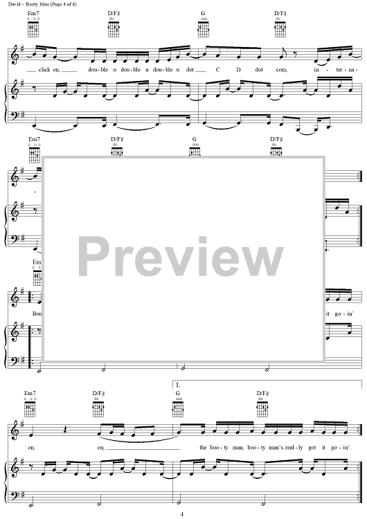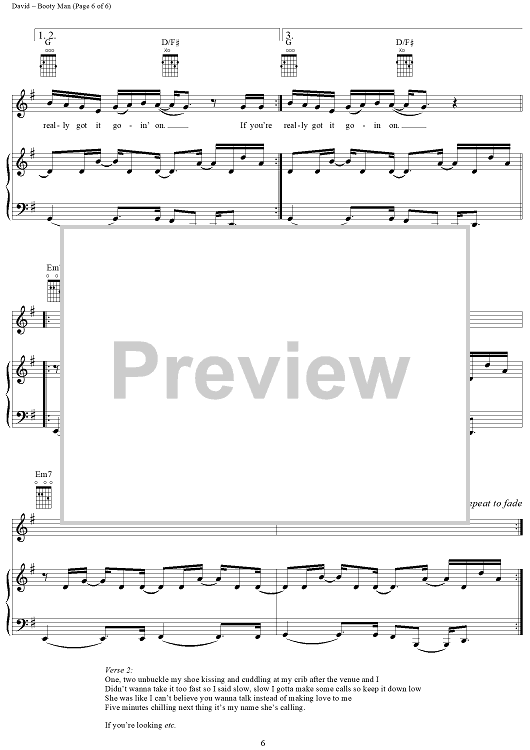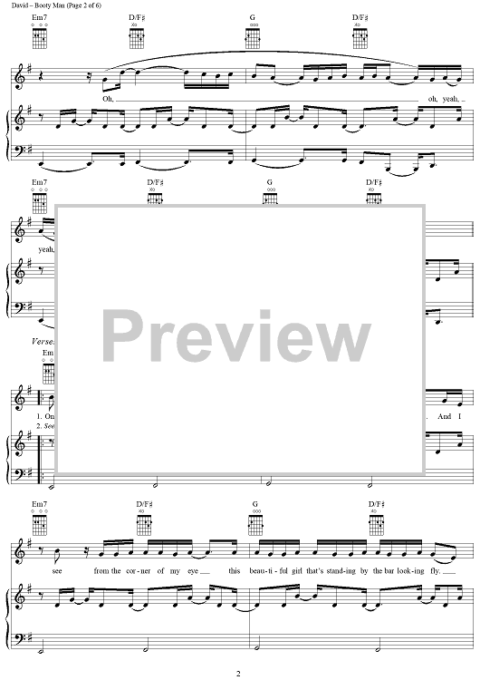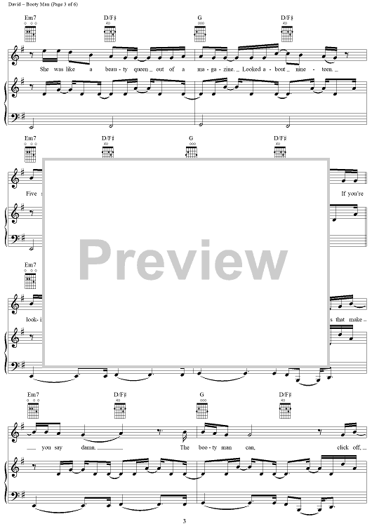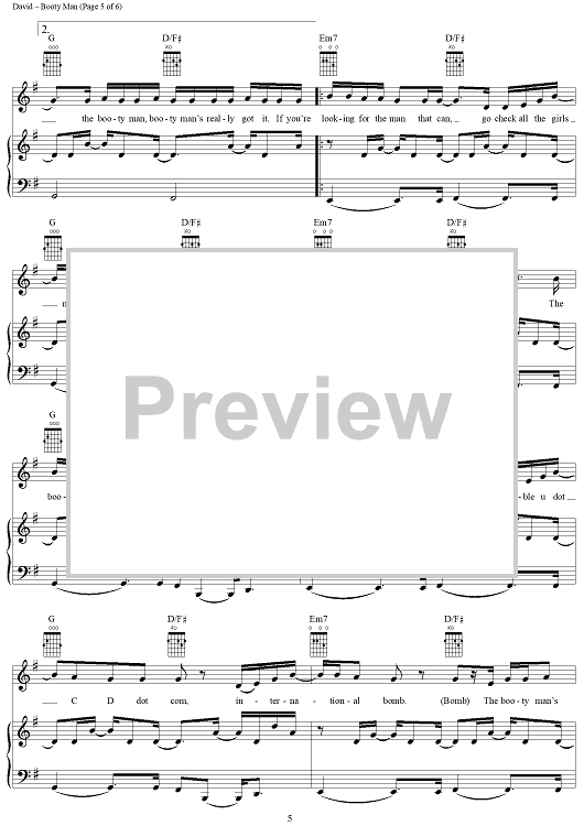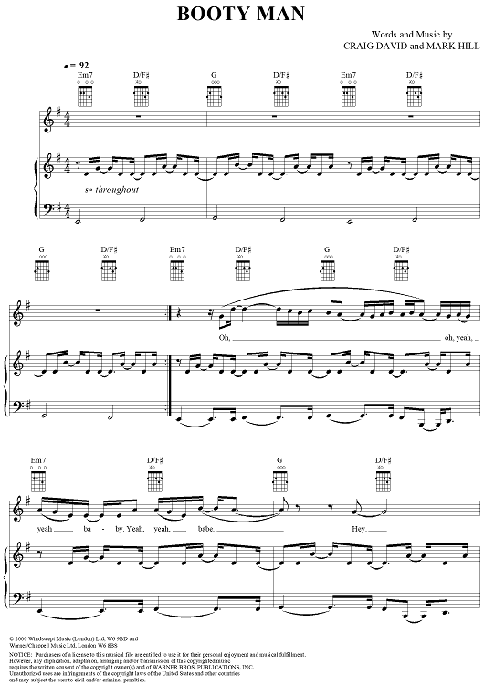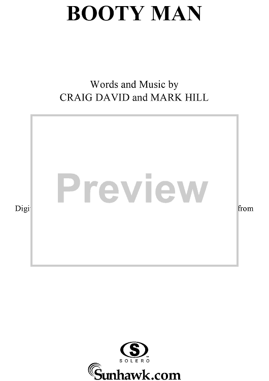 Digital Sheet Music for Booty Man by Craig David, Mark Hill scored for Piano/Vocal/Chords; id:284948
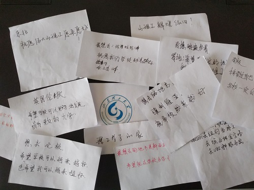 游戏环节,团支书为每位支部成员分发一张带有山理工校徽的纸片,每位同学在纸片上写出了自己想去的地方,以及对母校想说的话,每位成员都在王志良学长的感染下,认真思考,同时感受到母校的发展,今天我以山理工为骄傲,明天山理工以我为自豪。
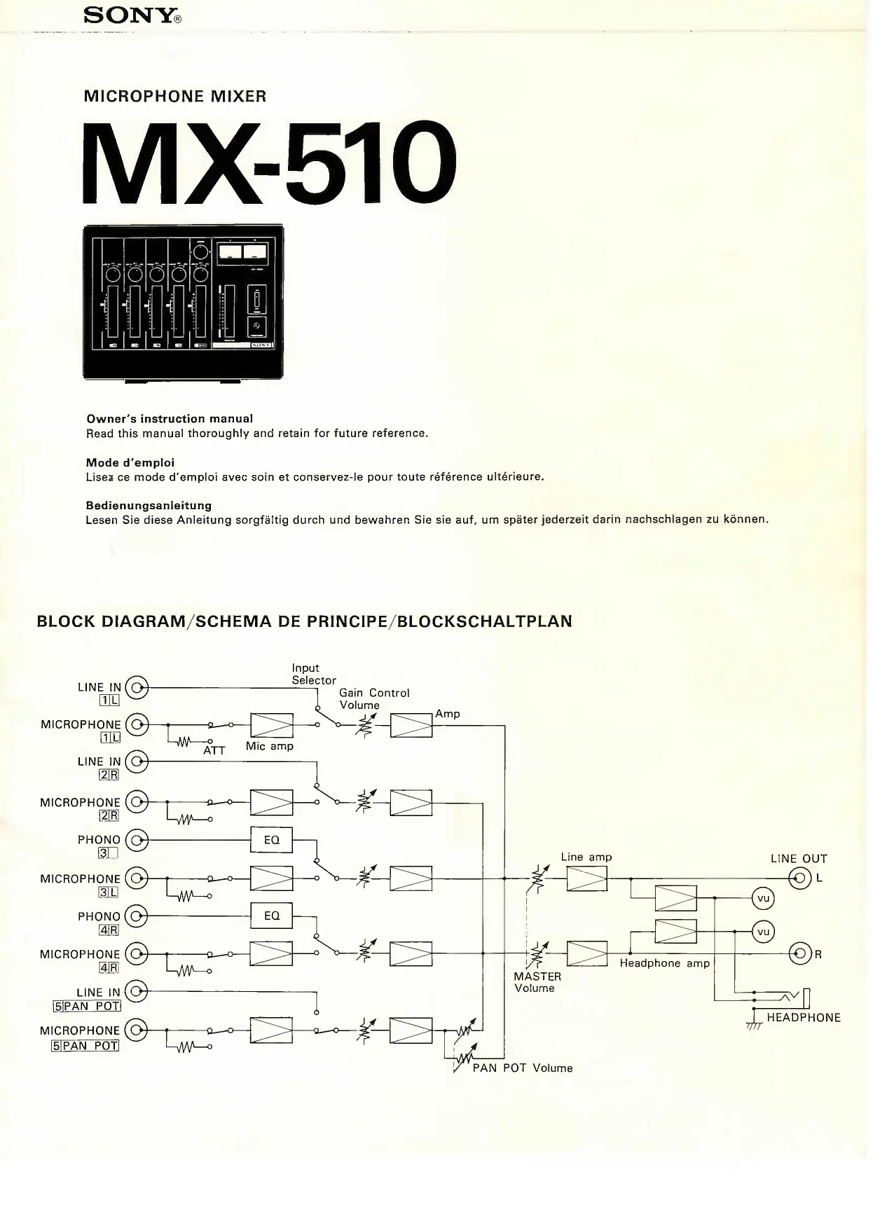 MX-510 - Table de mixage audio SONY - Notice d'utilisation et mode d'emploi gratuit

________________

> **Your task**:
Pictures are skipped here. Print exactly, and only, the lines from the one holding "游戏环节,团支书为每位支部成" through the final line of the material above, both ends included.

> **Written solution**:
 游戏环节,团支书为每位支部成员分发一张带有山理工校徽的纸片,每位同学在纸片上写出了自己想去的地方,以及对母校想说的话,每位成员都在王志良学长的感染下,认真思考,同时感受到母校的发展,今天我以山理工为骄傲,明天山理工以我为自豪。
 MX-510 - Table de mixage audio SONY - Notice d'utilisation et mode d'emploi gratuit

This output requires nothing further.